Tim Hortons is looking to the Persian Gulf for growth.
The coffee shop chain signed a master license agreement Friday with Dubai-based Apparel Group to open up to 120 restaurants in the Persian Gulf region over five years.
The deal covers the Gulf Co-operation Council which includes the United Arab Emirates, Qatar, Bahrain, Kuwait and Oman.
Tim Hortons president and chief executive Don Schroeder said Canada and the United States remain the company’s main drivers of growth but “there is an opportunity over the long-term to explore international opportunities and seed the Tim Hortons brand in various markets outside of North America.”
The locations will be developed and operated by Apparel with five locations open this year.
“Our partners at Apparel have considerable knowledge of the local markets and consumer expectations and have introduced world-leading brands to the GCC,” Schroeder said in a statement.
Apparel Group operates over 50 brands including Tommy Hilfiger, Kenneth Cole and Cold Stone Creamery with more than 600 stores in 14 countries.

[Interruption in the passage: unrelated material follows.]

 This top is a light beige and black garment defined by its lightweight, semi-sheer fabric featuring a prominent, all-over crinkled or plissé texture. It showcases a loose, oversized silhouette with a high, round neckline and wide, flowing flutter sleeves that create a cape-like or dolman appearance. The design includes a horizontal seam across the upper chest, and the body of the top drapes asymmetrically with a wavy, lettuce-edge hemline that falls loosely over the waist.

Tim Hortons has more than 3,600 locations in Canada and the United States.
Late last year, Tim Hortons said it would shutter some 54 locations in New England, a money-losing market for the company.

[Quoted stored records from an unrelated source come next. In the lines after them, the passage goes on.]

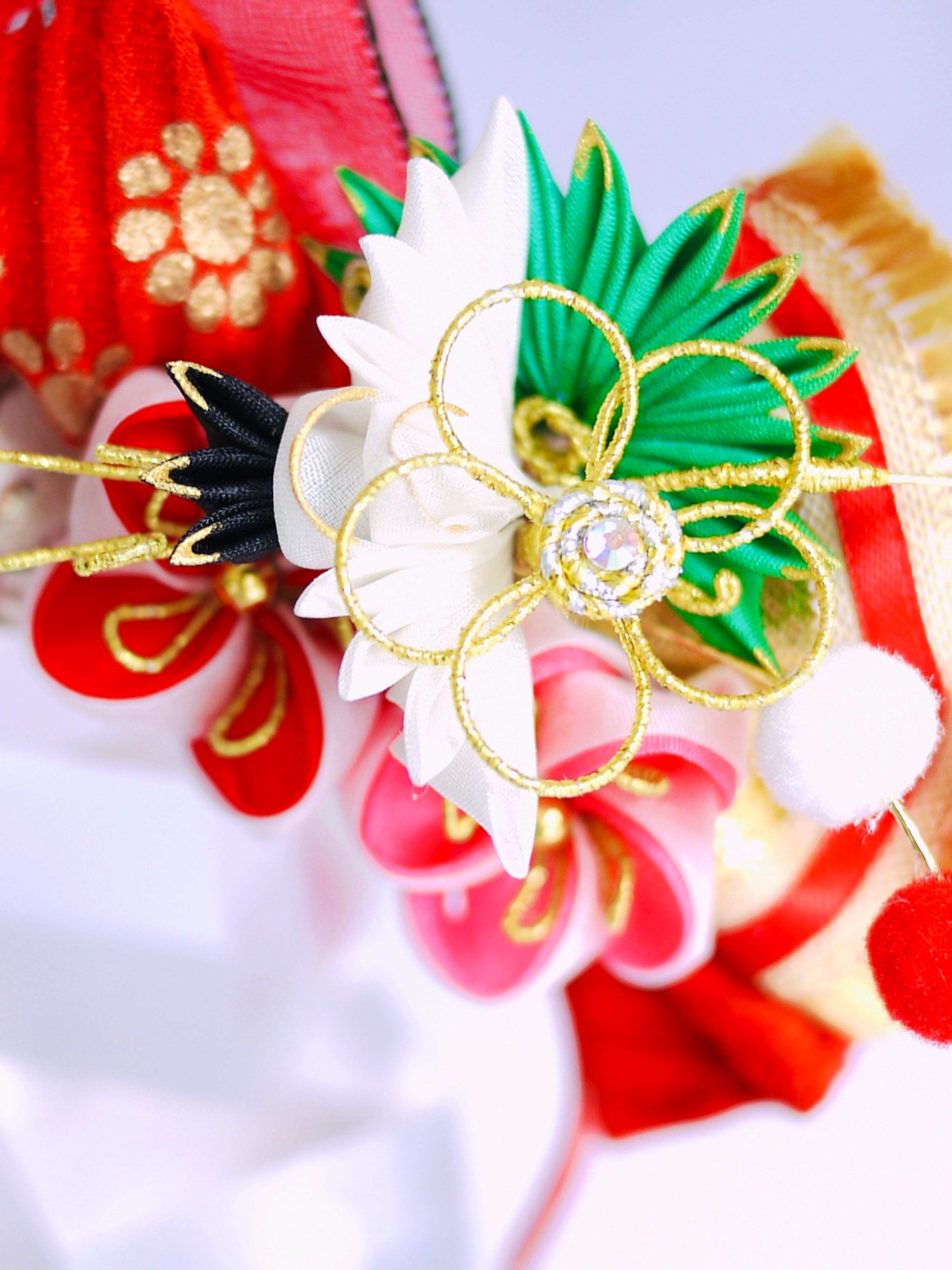 端午の節句のお飾りはこんな配色のイメージなんですよね(個人的に)おリボンはオーガンジー・金襴・着物正絹生地の3種を重ねて正統派祝飾りの雰囲気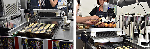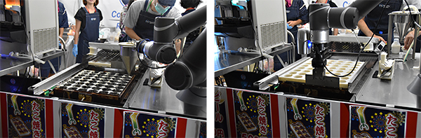 たこ焼きが焼きあがった後のたこ焼きを船皿に移し、カツオブシや青のりなどをトッピングする作業は人の行程となる。こうして人とロボットが協働することで、人が熱い鉄板に向き合って調理する必要がなくなり、また通常では3~4人で運営するたこ焼き店舗を1人で行えるようになり、省人化の効果も期待できる。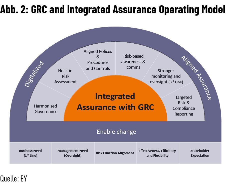 - Der letzte und wichtigste Punkt ist eine abgestimmte Corporate Governance: ein holistisches Verständnis, wer Risikoowner und Risikomanager im Unternehmen ist und wie Interdependenzen zwischen Abteilungen und Organisationseinheiten vereinheitlicht und abgestimmt werden (Abb. 2).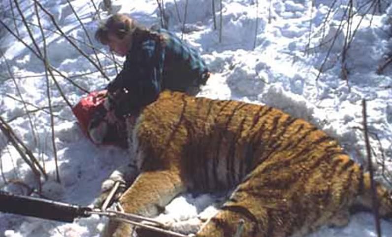 。值得一提的是,七只棕熊中有四只(三只成年母熊和一只两岁大的熊)被同一只成年雄虎杀死。老虎的编号是M20,它的名字是戴尔(由专家以远东老虎研究项目负责人戴尔的名字命名),它的重量是206公斤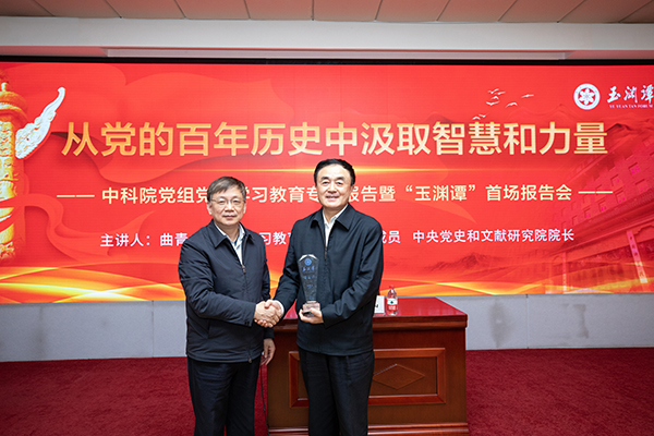 “玉渊谭”讲座由中科院机关发起设立,以“科学、文化、人生”为载体,以“悟道、崇德、力行”为归依,致力于建成高端选题、大家主讲、品质优异、特色鲜明的学术交流平台、思想汇聚平台、文化建设平台。讲座围绕党的政策理论、国际国内形势、科技发展态势、科研管理改革、经济社会发展、文化艺术哲学等领域重大课题,邀请国内外知名专家学者交流前沿思想和学术成果,分享科学文化与人生感悟,促进科学精神与人文精神融合、机关文化与创新文化融合、素质提升与能力提升融合,持续推动模范机关建设。报告会上,侯建国向曲青山赠送了“玉渊谭”首场报告纪念牌。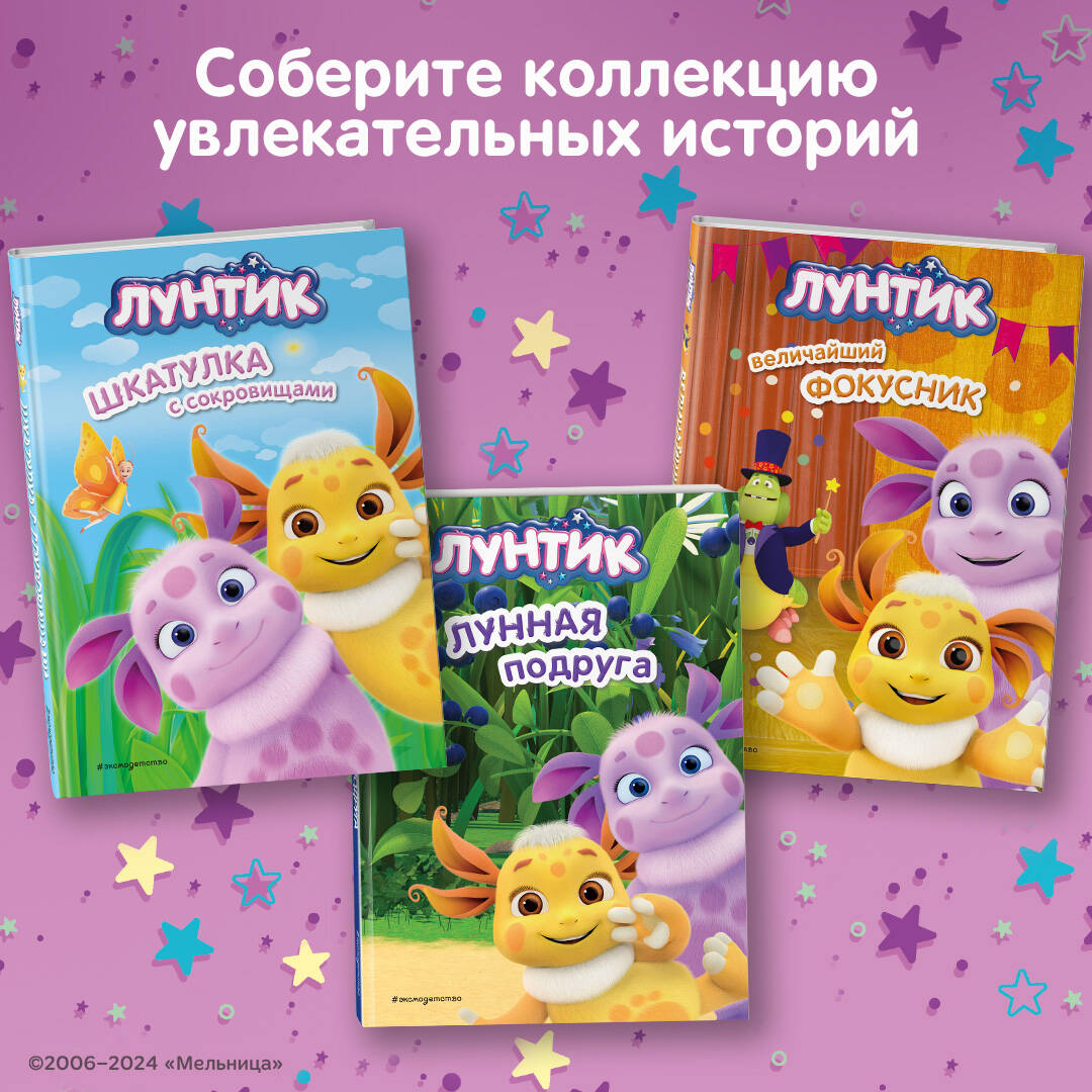 Сборник историй для малышей, таких же любознательных, как Лунтик и его друзья! Увлекательные рассказы о том, как ребята найдут куст редкой лунной ягоды, дедушка Шнюк сделает для внучки чудесный подарок, Вупсень и Пупсень станут настоящими фокусниками, Мила откроет в себе талант танцовщицы, а Луна вновь попадёт в неприятности из-за своего любопытства, подарят маленьким читателям много ярких впечатлений.

Since opening its first U.S. store in Buffalo, N.Y., in 1985, Tim Hortons has expanded to over 600 stores in a dozen states–including Ohio, Kentucky and West Virginia–and plans to open another 300 locations over the next three years.
Unlike in Canada, where the brand has immediate recognition, Tim Hortons spells out its specialty on its store signs, which read: “Tim Hortons: cafe and bake shop.”